Путешествие было похоже на лихорадочный, рваный сон. Кира почти не помнила его. Она то проваливалась в тяжелое, без сновидений, забытье, то выныривала в реальность, которая была не менее кошмарной. Она помнила тряску — жесткую, мучительную. Помнила приглушенные голоса чужаков — Вильмы, Астера и Михаэля. Иногда она чувствовала, как кто-то прикладывает ей ко лбу влажную тряпку или пытается влить в рот немного воды. Но все это было где-то далеко, за пеленой шока и горя.

Ее мир, который она так тщательно выстраивала двенадцать лет, был разрушен до основания. Каждое воспоминание о матери теперь было отравлено. Каждое доброе слово, каждая прочитанная сказка, каждая ложка похлебки — все это было адресовано скелету, обману, пустоте. Эта мысль была настолько чудовищной, что ее разум отказывался ее принимать. Он снова и снова пытался отгородиться, уйти в спасительную темноту.

Когда она окончательно пришла в себя, тряска прекратилась. Она лежала на чем-то мягком, в небольшой, тускло освещенной комнате. Воздух был сухим и теплым. Через маленькое решетчатое окошко под потолком она видела клочок серого, безразличного неба. Она была в движущейся повозке или карете, но теперь она остановилась.

Дверь открылась, и на пороге появилась Вильма. Ее лицо было уставшим, но во взгляде читалось неподдельное облегчение.

— Ты очнулась, — тихо сказала она. — Слава богам. Мы уже на месте.

— Где… где я? — голос Киры был хриплым и чужим, словно она не пользовалась им много лет.

— Ты в Академии Теней, — ответила Вильма, помогая ей сесть. — Это лучшая школа магии в наших землях. Тебе здесь помогут. Ты будешь в безопасности.
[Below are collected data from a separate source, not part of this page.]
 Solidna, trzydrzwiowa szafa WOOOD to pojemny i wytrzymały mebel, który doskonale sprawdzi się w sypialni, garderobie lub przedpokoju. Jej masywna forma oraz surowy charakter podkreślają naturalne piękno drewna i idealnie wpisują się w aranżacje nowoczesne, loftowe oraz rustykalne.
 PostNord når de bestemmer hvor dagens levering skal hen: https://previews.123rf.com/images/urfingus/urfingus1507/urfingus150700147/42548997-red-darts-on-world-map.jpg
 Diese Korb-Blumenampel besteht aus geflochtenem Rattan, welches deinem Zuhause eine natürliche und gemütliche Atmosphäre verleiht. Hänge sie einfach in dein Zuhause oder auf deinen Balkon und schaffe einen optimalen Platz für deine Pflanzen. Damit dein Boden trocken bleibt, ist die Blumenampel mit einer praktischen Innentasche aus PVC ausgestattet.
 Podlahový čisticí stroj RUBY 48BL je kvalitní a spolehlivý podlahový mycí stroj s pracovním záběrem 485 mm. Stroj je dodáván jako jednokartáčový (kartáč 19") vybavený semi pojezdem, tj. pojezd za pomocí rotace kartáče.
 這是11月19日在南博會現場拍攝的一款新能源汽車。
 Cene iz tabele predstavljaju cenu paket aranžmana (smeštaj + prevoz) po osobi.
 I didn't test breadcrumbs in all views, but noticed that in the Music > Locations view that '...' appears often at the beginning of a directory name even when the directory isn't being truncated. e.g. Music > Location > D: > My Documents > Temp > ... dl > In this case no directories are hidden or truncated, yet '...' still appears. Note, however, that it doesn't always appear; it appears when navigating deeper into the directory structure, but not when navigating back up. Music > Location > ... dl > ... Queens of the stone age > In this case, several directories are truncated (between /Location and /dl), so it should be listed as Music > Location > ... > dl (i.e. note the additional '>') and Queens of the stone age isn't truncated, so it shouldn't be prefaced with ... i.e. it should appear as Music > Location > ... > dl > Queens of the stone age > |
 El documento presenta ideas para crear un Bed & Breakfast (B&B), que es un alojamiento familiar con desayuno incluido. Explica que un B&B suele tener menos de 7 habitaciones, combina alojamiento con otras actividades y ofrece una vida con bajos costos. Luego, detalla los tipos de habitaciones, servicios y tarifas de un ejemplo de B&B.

«Безопасность». Слово прозвучало горькой насмешкой. Какая может быть безопасность в мире, где самое родное оказалось ложью?

Вильма помогла ей выйти наружу. Свежий, прохладный воздух ударил в лицо, заставив зажмуриться. Когда Кира открыла глаза, она застыла.

Перед ней возвышалось строение, которое язык не поворачивался назвать школой. Это был колоссальный, циклопический кошмар из почерневшего, выветренного камня. Здание казалось древним, как сам мир. Его многочисленные башни, кривые и асимметричные, вонзались в низкие свинцовые тучи, словно когти мертвеца. Стены были покрыты глубокими трещинами, из которых сочилась темная, маслянистая влага, похожая на запекшуюся кровь. Пустые глазницы окон, лишенные стекол, смотрели на нее с невыразимой тоской и злобой. По карнизам и шпилям вились не плющ и не лозы, а нечто похожее на черные, колючие тернии, которые, казалось, медленно, но неумолимо душили здание.

Но самым ужасным было не это. Весь замок, от основания до самого высокого шпиля, кишел ими. Тенями.

Это были не просто тени от облаков или башен. Это были живые, мыслящие сгустки мрака. Они скользили по стенам, перетекали из одного оконного проема в другой, цеплялись за выступы, словно гигантские черные пауки. Некоторые были бесформенными кляксами, другие сохраняли смутные, искаженные человеческие очертания. У одних горели тусклые, желтые огоньки глаз, другие были абсолютно слепы и двигались, ориентируясь на какое-то неведомое чувство. Они не издавали ни звука, но Кира слышала их. Она слышала их безмолвный, полный отчаяния и голода хор в своей голове.

Она отшатнулась, прижав руки к ушам.

— Что это? Что это за место?

Вильма посмотрела на нее с недоумением.

— Что ты имеешь в виду? Это же Академия! Смотри, какая она величественная!

Кира посмотрела на Вильму, потом снова на замок. Вильма, Астер и Михаэль, стоявшие рядом, смотрели на строение с благоговением. В их глазах отражались высокие, стройные башни из белого камня, сверкающие на солнце шпили, цветные витражи в стрельчатых окнах. Они видели прекрасный, величественный замок, как из сказки.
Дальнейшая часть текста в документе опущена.